“Olduğunu sandığı kişiye tutunup asla sınırlarının dışına çıkamayan insanlar için üzülüyorum artık. “Ben şöyle biriyim, ben böyle biriyim” diye boyuna konuşmalarına tahammül edemiyorum. Hiç sınanmadıkları durumlarla ilgili kesin bir biçimde “Ben olsam şöyle yapardım” dediklerindeyse artık anlattıklarını hiç ciddiye alamıyorum. Hayat yeri gelince insanın ağzını burnunu öyle bir yamultur ki feleğini şaşarsın. İnsan söyledikleri değil, yaptıklarıdır Osman.”
Aylin Balboa “ben ayrılmak istiyorum Osman” diyerek ayrılığın sebeplerini sıralarken bir adım sonra “ayrılmayalım Osman vazgeçtim” ikilemi arasını kabullenişe kadar ve iliklerimize işleyerek anlatıyor. Kabullenişe kadar giden yolu kendine has mizahi diliyle yer yer kahkaha attırarak işlerken satır aralarında kendimizi, ilişkilerimizi buluyoruz.

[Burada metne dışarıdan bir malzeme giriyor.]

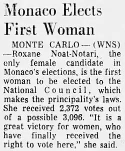 - ↑ a b c d e f g h Hommage a la memoire de Madame Roxane Noat-Notari, ancien conseiller national. In: Débats du Conseil National. Annexe au Journal de Monaco. 11. August 2006, S. 889, 890 (französisch, Digitalisat [PDF] Hommage in der öffentlichen Sitzung des Nationalrats vom 1. April 2004).
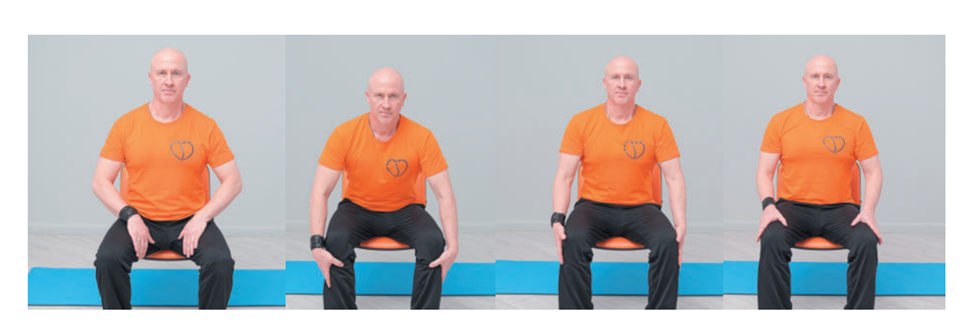 ИСХОДНОЕ ПОЛОЖЕНИЕ: Садимся ближе к краю стула, чтобы спина не опиралась на спинку. Спина прямая, плечи опустить, лопатки сведены. Взгляд вперед. Руки лежат на коленях. ТЕХНИКА ВЫПОЛНЕНИЯ: 1. Вначале сделаем небольшой самомассаж. Руки кладем сверху на бедра и выполняем круговые движения вокруг колена.
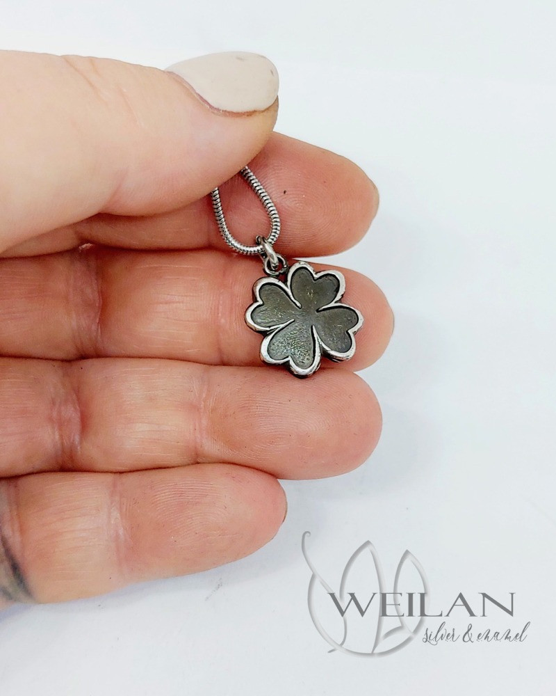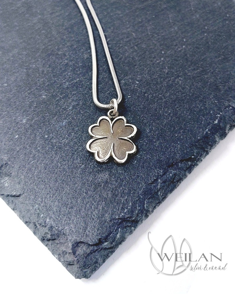 Négylevelű lóhere - antikolt ezüst medál, kis méret

“Anatomik olarak kimseden bir farkım yokmuş ben de insanmışım” cümlesiyle terapilerde dokuzyüzyetmişüçbin bilmem kaç seansa yayılmış farkındalığı tek cümleyle özetliyor bazen, bazen de “söylediklerimin hepsini unut, sanki ben biliyorum da mı yaşıyorum Osman” ile aman kim çözmüş ki zaten dedirtiyor. Bir solukta okutuyor, bazı cümleleri beşer kere bazılarını yüz beşer kere okutuyor, ben bu cümleyi döner döner okurum diyerek okutuyor. Hikayenin başı sonu yok, neresinden başlasanız okunuyor.
Ben okurken çok keyif aldım. Kalemine, mizahına, altından kalkışlarına, tökezleyip düşüşlerine, düşünce kalkmalarına, kalkmayıp biraz burada takılayım geçer birazdanlarına hayran kaldım. Okumalısınız, sevmelisiniz, zaten eminim çok da seversiniz.